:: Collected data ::
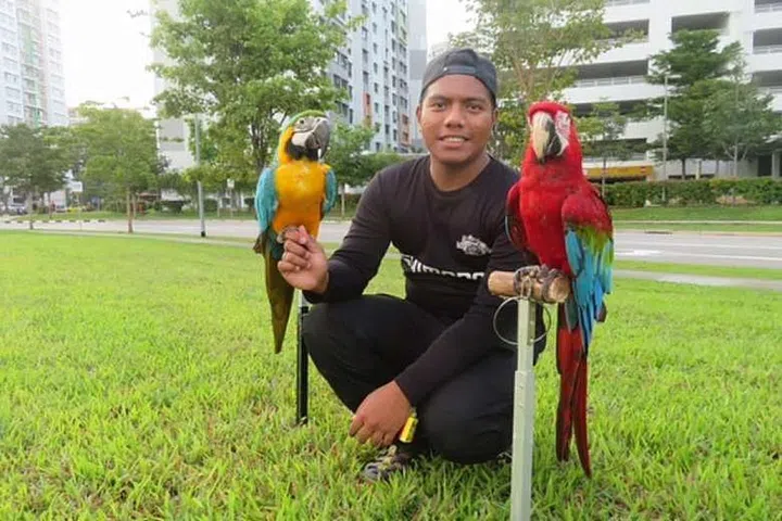 (Yishun resident and parrot enthusiast Muhamad Riduwan says that "things like fighting, murder and animal abuse happen everywhere". ST PHOTO: FABIAN KOH)
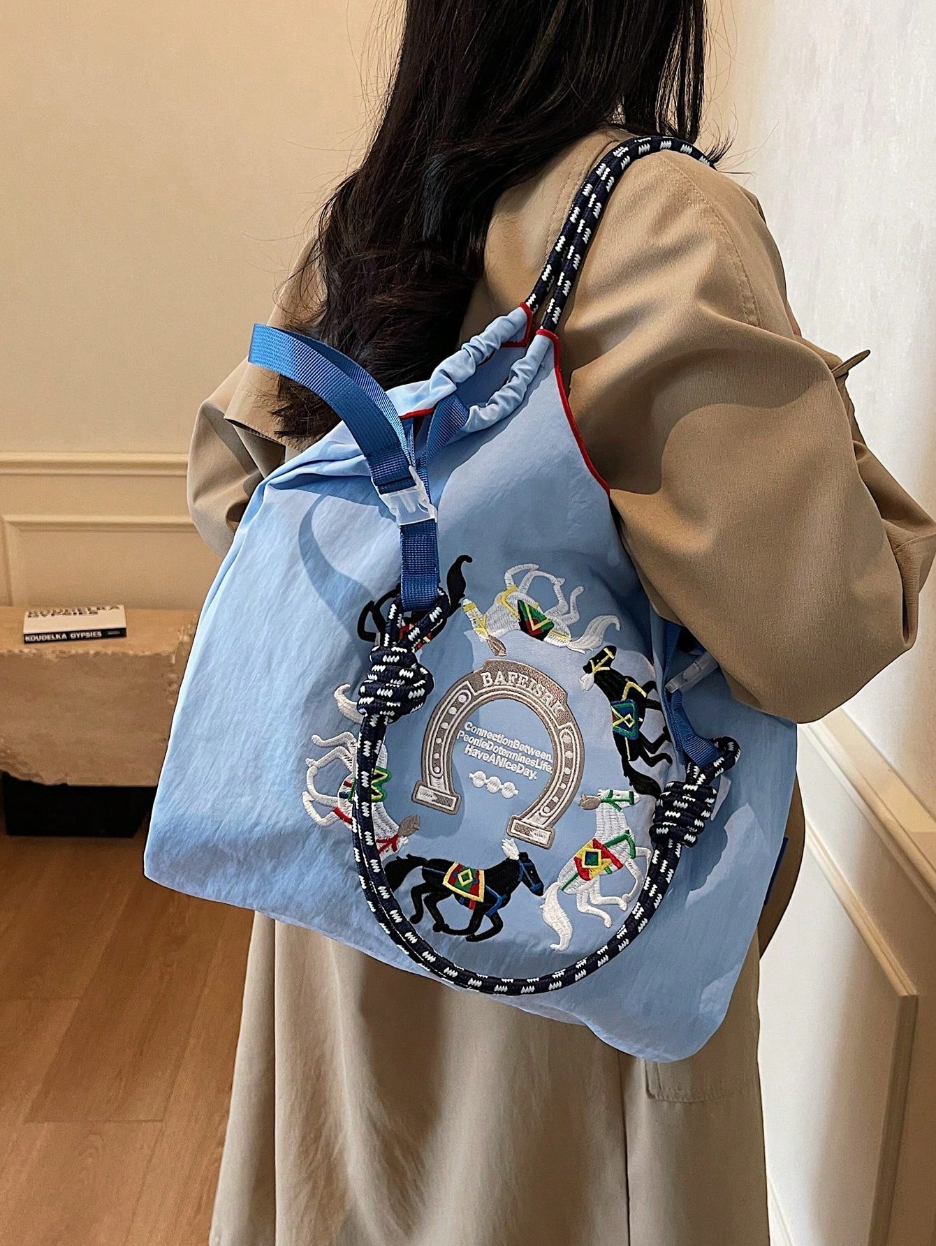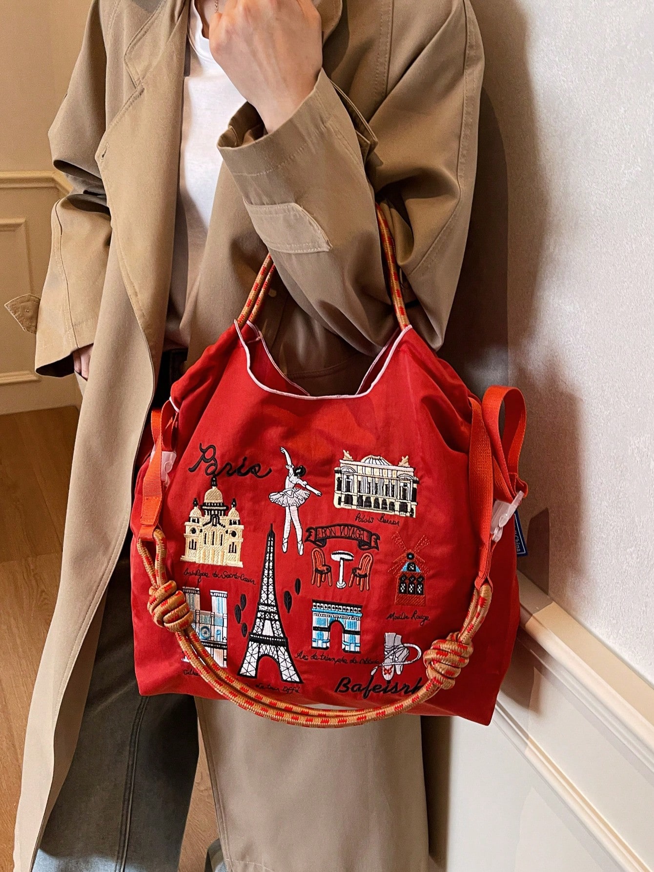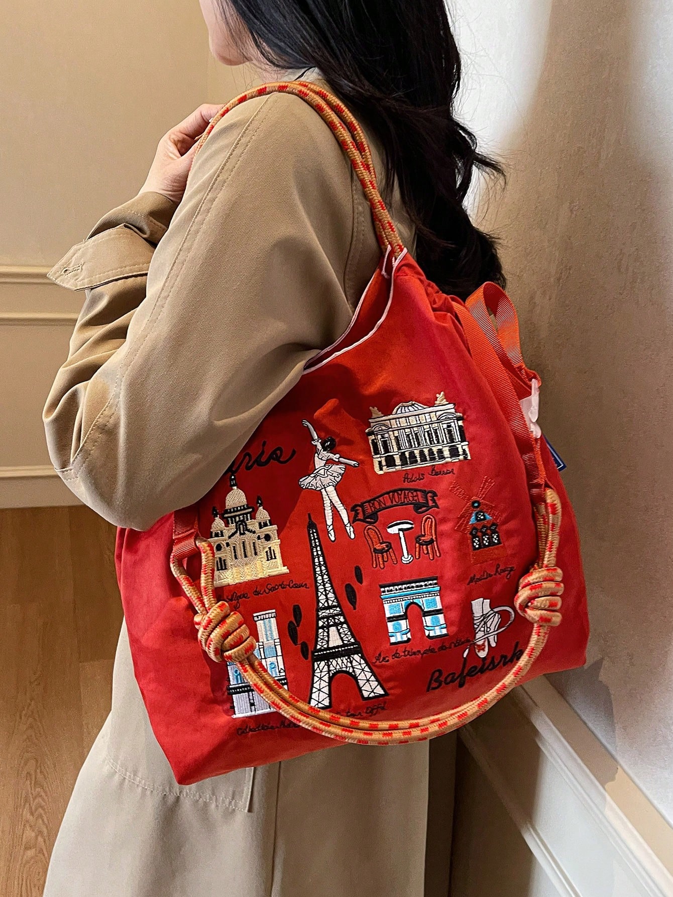 Women's Handbag, Large Capacity Waterproof Canvas Embroidered Tote Bag, Personalized Pattern Portable Shoulder Tote Bag
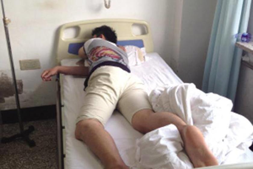 Segundo informações do Peoples Daily Online, o hospital só tem duas salas de operação e Wang foi encaminhado para aquela que serviria para realizar o parto da esposa. A mulher, no entanto, ainda estava em preparação em outra sala. Neste momento, um médico chega e pede para que ele tire as calças e deite na mesa de operação.
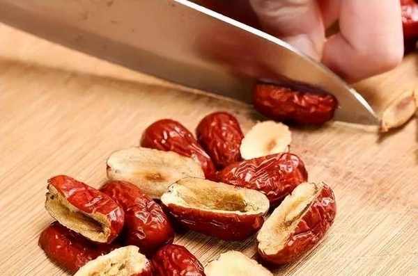 接著再來切紅棗,把紅棗放到案板上,一樣的 用刀切成薄片,由於紅棗比較小不好拿,切的時候大傢要小心一些,不要切到自己的手瞭,接下的棗肉留在案板上備用,而棗核就可以丟掉不用瞭。
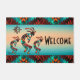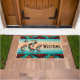 Personalisieren Sie diese einzigartige "Eine von einer Art" Südwest Kokopelli Doormat! Es gibt eine Drei Kokopelli, die Flute und Tanzen unter der Sonne auf einem türkisfarbenen und orangen Sonnenuntergang spielen...Umgeben von einer Südwestgrenze in Türkis, Orange und Schwarz. Das ist ein originelles Kunstdesign des Künstlers Kerry Miller.
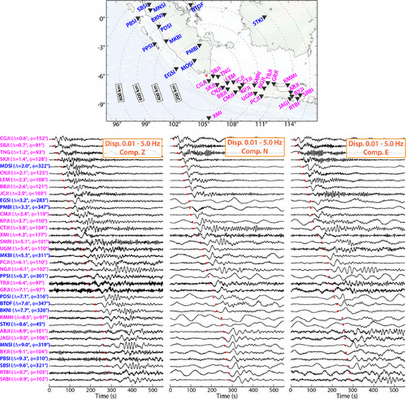 图1. 2018年印尼火山海啸产生的地表振动信号 (Ye et al., 2020, Sci. Adv.)
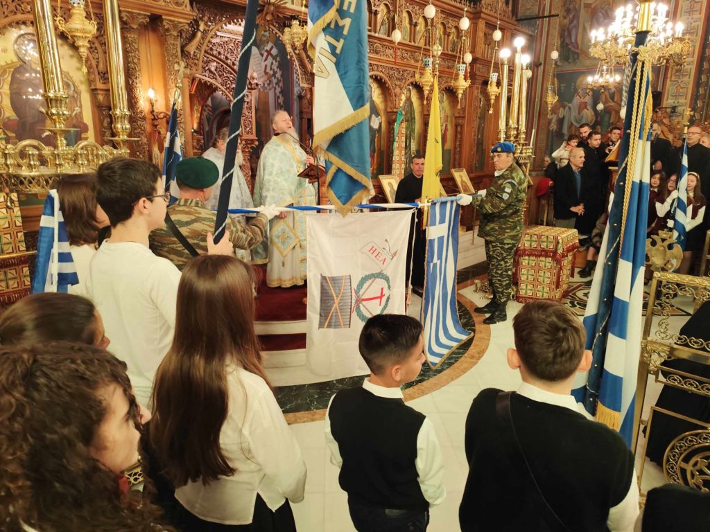 Της πανηγυρικής λειτουργίας χοροστάτησαν οι ευσεβείς ιερείς του Αγίου Ελευθερίου, πατέρες κ.κ. πρωτοπρεσβύτερος Θεμιστοκλής Χριστοδούλου – που είναι και ιερατικός προϊστάμενος του ναού – πρωτοπρεσβύτεροςΚαλπούζος Γεώργιος και οι ιερείς Σπυρίδων Βίτσης και Θωμάς Μάντζιος. Μετά την λειτουργία έλαβε χώρα η πανηγυρική δοξολογία, για το κορυφαίο ιστορικό ορόσημο της 25-ης Μαρτίου, ημέρα της εθνικής παλιγγενεσίας, όπου ομόψυχα ο λαός μας, οι αγωνιστές του βουνού και της στάνης, με τους αγωνιστές της θάλασσας και με την πνευματική επικουρία των προκρίτων, των λογάδων και του προμαχούντος κλήρου, αποτίναξαν το σκληρόν και απαραδειγμάτιστον τουρκικό ζυγό. Συγκινητική η παρουσία τριών δημοτικών σχολείων της περιοχής μετά των δασκάλων τους, αλλά και τμήματος της Εθνοφυλακής, που προσέδωσαν ξεχωριστό ηθικό χρώμα στην εορταστική λειτουργία. Με το πέρας της δοξολογίας με ένα θερμό λόγο που μας ζέστανε στην κυριολεξία την καρδιά και με την επικουρία της πολυμερούς θεολογικής και ιστορικής παιδείας του, ο πατέρας Θεμιστοκλής μίλησε για το εθνικό ορόσημο της 25-ης Μαρτίου και εμφατικά τόνισε την αδήριτη ανάγκη να συμμετέχουμε σε εκδηλώσεις για την ιστορική μνήμη και οι μεγαλύτεροι να μεταδώσουν στους νεότερους, την αγνή, άδολη και με δημοκρατικό ήθος αγάπη για την πατρίδα.
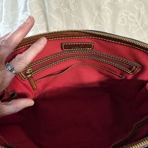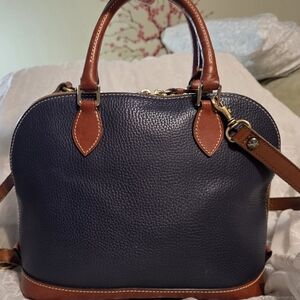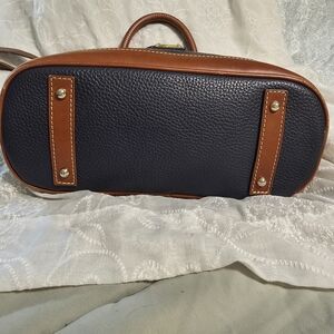 The Dooney & Bourke navy blue and brown leather dome satchel is a stylish and versatile handbag for women. With a solid navy exterior, brown double handles, and gold hardware, this medium-sized bag exudes sophistication. The dome shape, zip closure, and fabric lining make it practical for everyday use, while features like inner pockets, a removable strap, and adjustable strap add convenience. Perfect for adding a touch of luxury to any outfit, this satchel from the Dooney & Bourke Pebble Grain collection is a must-have accessory for the modern woman.
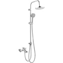 Устройство: душевая система • Смеситель: джойстик • Ручной душ (душевая лейка): размер 100 мм, настройки 3 шт • Верхний душ (тропический): размер 200 мм, настройки 2 шт • Комплектация: ручной душ, верхний душ, смеситель, стойка, шланг, крепление ручного душа
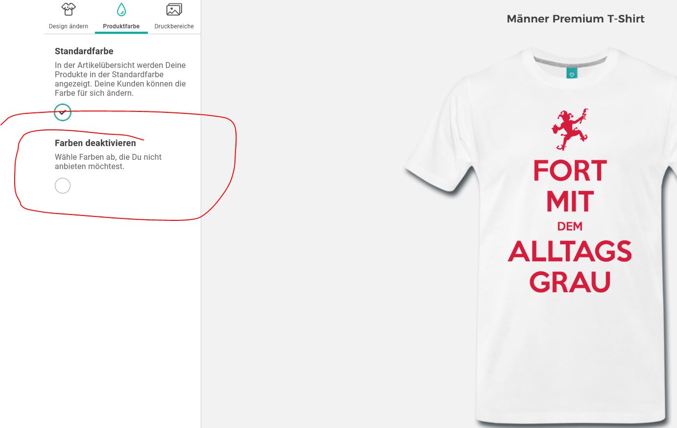 Wenn Du genau hinschaust ist das rote T-Shirt in der Liste davor ebenfalls ein “Männer Premium T-Shirt”, hier kannst du alle Farben an/abwählen. Es wurde ebenfalls angelegt weil es ein Produkt dazu in deinem alten Account gab.
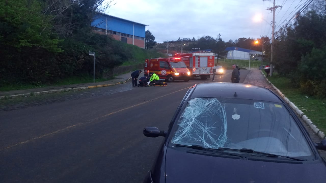 O acidente ocorreu por volta das 7 horas no acesso ao loteamento Colina Sorriso. A vítima foi atingida por um veículo Ford/Ka e caiu sobre a via. Ela apresentava ferimentos no rosto e queixava-se de dores pelo corpo.
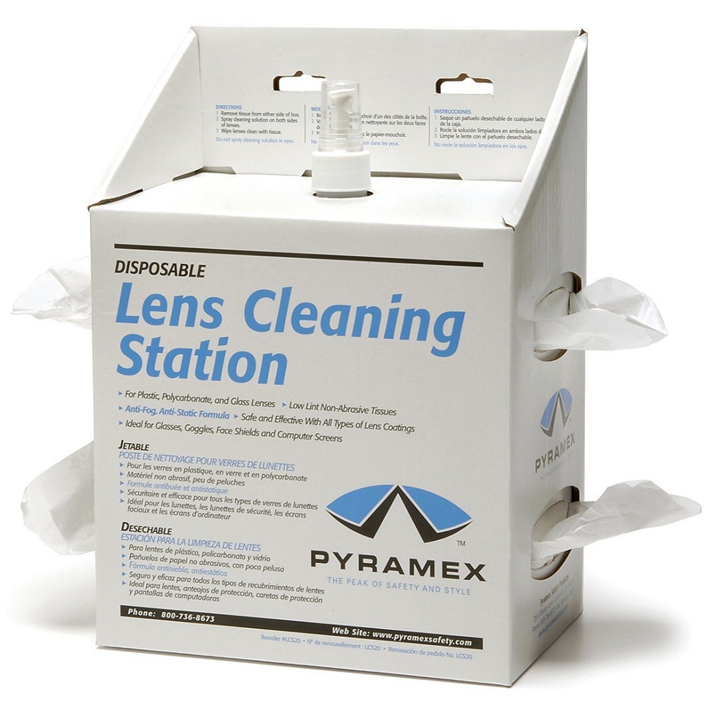 Make keeping your safety eyewear clean a snap with this lens cleaning station from Pyramex. Each station includes an 16 oz. bottle of cleaning solution and 1200 cleaning tissues.

:: Try it ::
Write out exactly the opening lines of the data, stopping after the line that holds "图1. 2018年印尼火山海啸产生的地表振动信号 (Ye". Exclude pictures.

:: Solution to this problem ::
 (Yishun resident and parrot enthusiast Muhamad Riduwan says that "things like fighting, murder and animal abuse happen everywhere". ST PHOTO: FABIAN KOH)
 Women's Handbag, Large Capacity Waterproof Canvas Embroidered Tote Bag, Personalized Pattern Portable Shoulder Tote Bag
 Segundo informações do Peoples Daily Online, o hospital só tem duas salas de operação e Wang foi encaminhado para aquela que serviria para realizar o parto da esposa. A mulher, no entanto, ainda estava em preparação em outra sala. Neste momento, um médico chega e pede para que ele tire as calças e deite na mesa de operação.
 接著再來切紅棗,把紅棗放到案板上,一樣的 用刀切成薄片,由於紅棗比較小不好拿,切的時候大傢要小心一些,不要切到自己的手瞭,接下的棗肉留在案板上備用,而棗核就可以丟掉不用瞭。
 Personalisieren Sie diese einzigartige "Eine von einer Art" Südwest Kokopelli Doormat! Es gibt eine Drei Kokopelli, die Flute und Tanzen unter der Sonne auf einem türkisfarbenen und orangen Sonnenuntergang spielen...Umgeben von einer Südwestgrenze in Türkis, Orange und Schwarz. Das ist ein originelles Kunstdesign des Künstlers Kerry Miller.
 图1. 2018年印尼火山海啸产生的地表振动信号 (Ye et al., 2020, Sci. Adv.)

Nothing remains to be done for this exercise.